India takes over as the fastest growing BRIC nation this year with 7.5 per cent GDP growth, accelerating to 8 per cent in 2016 driven by structural reforms and higher investment, Fitch said in its Global Economic Outlook report.
It said the GDP growth in the first (April-June) quarter was disappointing as it slowed to 7 per cent from 7.5 per cent in the preceding quarter on moderating private consumption growth and lower net exports.
Fitch has revised its forecast for Indian real GDP growth for FY16 to 7.5 per cent from 7.8 per cent, it said.
Below average rainfall during this year's monsoon season, recorded at 14 per cent below average, is also likely to lower growth somewhat, it said.
Agriculture contributes close to 18 per cent of the India's GDP. Fitch continues to expect an acceleration of growth to 8 per cent for 2016-17 and 2017-18 fiscal years.
It said the government is increasing its capital expenditure, although it will likely have to reduce spending closer to the end of the fiscal year to meet the fiscal target.
The effect of gradual implementation of a number of structural reforms is also expected to contribute to higher growth, even though progress is lacking on big ticket reforms such as the Land Acquisition Amendment Bill and the Goods and Services Tax, Fitch said.
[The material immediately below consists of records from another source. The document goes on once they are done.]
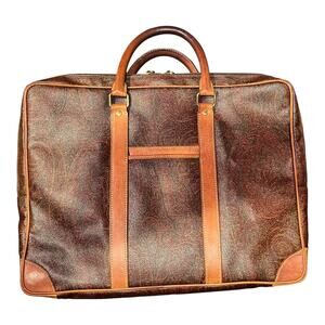 ETRO Vintage Paisley Bag Leather Briefcase Travel Office Dual Top Handle Lined
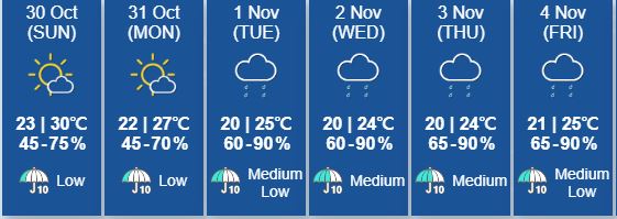 태풍이 필리핀에서 남중국해로 이동하고 있다. 오늘 밤에 태풍이 홍콩과 약 800km이내 진입할 것으로 보여 태풍 1호가 발령될 수 있다. 태풍은 이번주 초에 홍콩과 가까워져 강한바람이 불 것으로 예상된다. 오늘 최저기온은 23도로 낮과 밤의 기온차가 심해 환절기 건강에 유의해야한다
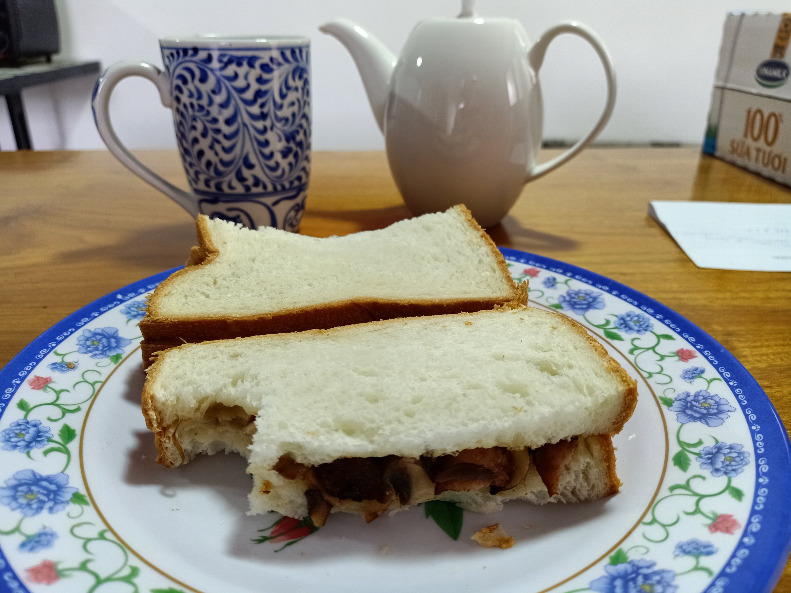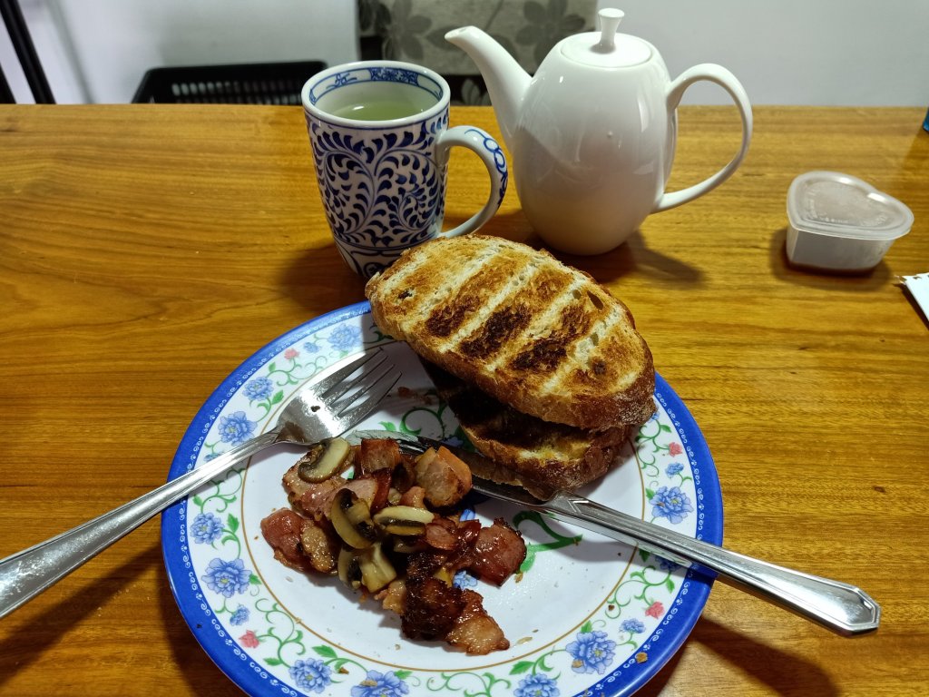Typhoon Molave had caused quite a bit of damage in the Philippines and it was on course to hit central Vietnam this week! On Tuesday 27th October people were genuinely worried that the storm to next hit could be a big one and were doing all they could to prepare for the worst. Meanwhile, in our ‘ivory tower’ and privileged position we were doing ok. Except for the fact that I was now definitely sick with this incredibly snotty cold, sore throat and a bad head everything at our home was pretty tickety boo. Captain Caveman made breakfast and I had bacon, mushrooms and 2 slices of buttered sourdough with a pot of jasmine tea while Captain Caveman made himself a huge omelette in a sandwich!!!
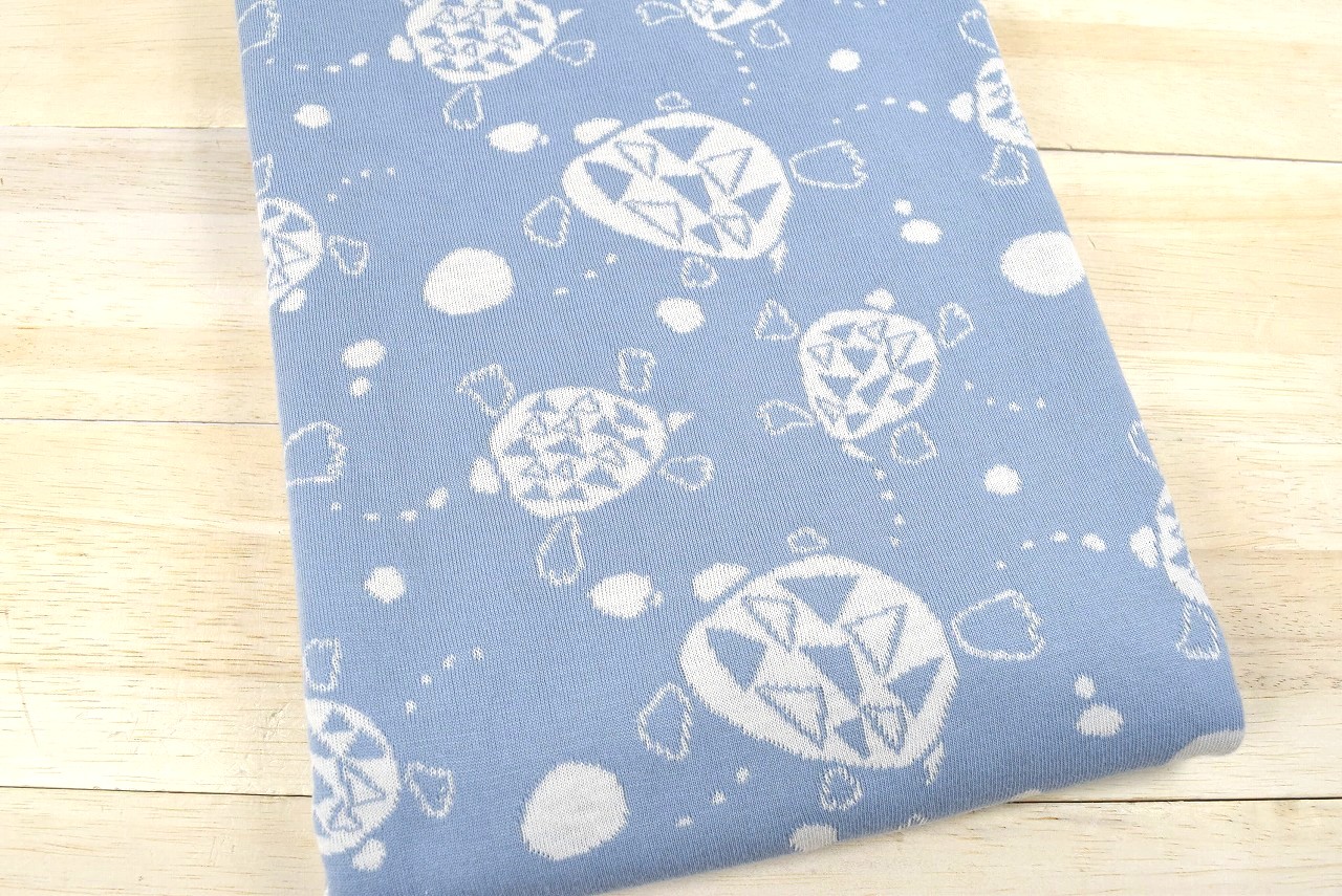 リバーシブルジャガードニット生地 のんびりひと泳ぎ柄 色:ミディアムブルー/アイボリー

It said monetary policy loosening is also likely to contribute to a pickup in growth, although monetary transmission is limited given relatively weak banking sector health.
As regards the China slowdown, Fitch said India would be less affected by falling demand, but the increasing risk premium complicates the monetary policy response to the shock. It projected China to grow 6.8 per cent in 2015, 6.3 per cent in 2016 and 5.5 per cent in 2017.
Fitch further said the decline in inflation in India to 3.7 per cent in August was largely resulting from a fall in food and oil prices.
The RBI has cut its policy repo rate four times by a total 1.25 per cent between January-September to a four and a half year low of 6.75 per cent.
Further monetary policy easing seems unlikely in the short run as the RBI has indicated that the latest rate cut in September 2015 was a front-loaded policy action, it said.
Fitch also said the latest quarterly data publication shows both a slowdown in GDP growth and a simultaneous pickup in Gross Value Added (GVA) which illustrates that these data continue to be difficult to interpret.
Real GDP growth at over 7 per cent and a pick-up starting already in mid-2013 remain difficult to reconcile with supply constraints, still weak corporate balance sheets and a rise in banks' non-performing loans, it added.
As regards global growth, Fitch Ratings forecasts the global economy will grow by just 2.3 per cent in 2015, the weakest since the global financial crisis in 2009, dragged down by a recession in Brazil and Russia and a structural slowdown in China and many emerging markets (EMs).
It forecast a pickup to 2.7 per cent in 2016 and 2017 as growth recovers somewhat in EMs. EMs are becoming an increasing source of global growth risks as the collapse in commodity prices and political shocks exacerbate a secular slowdown, Fitch added. It said although the US Federal Reserve left its key interest rate unchanged at its September meeting, it expects the bank to start the global monetary tightening cycle before 2015 end, followed by the Bank of England.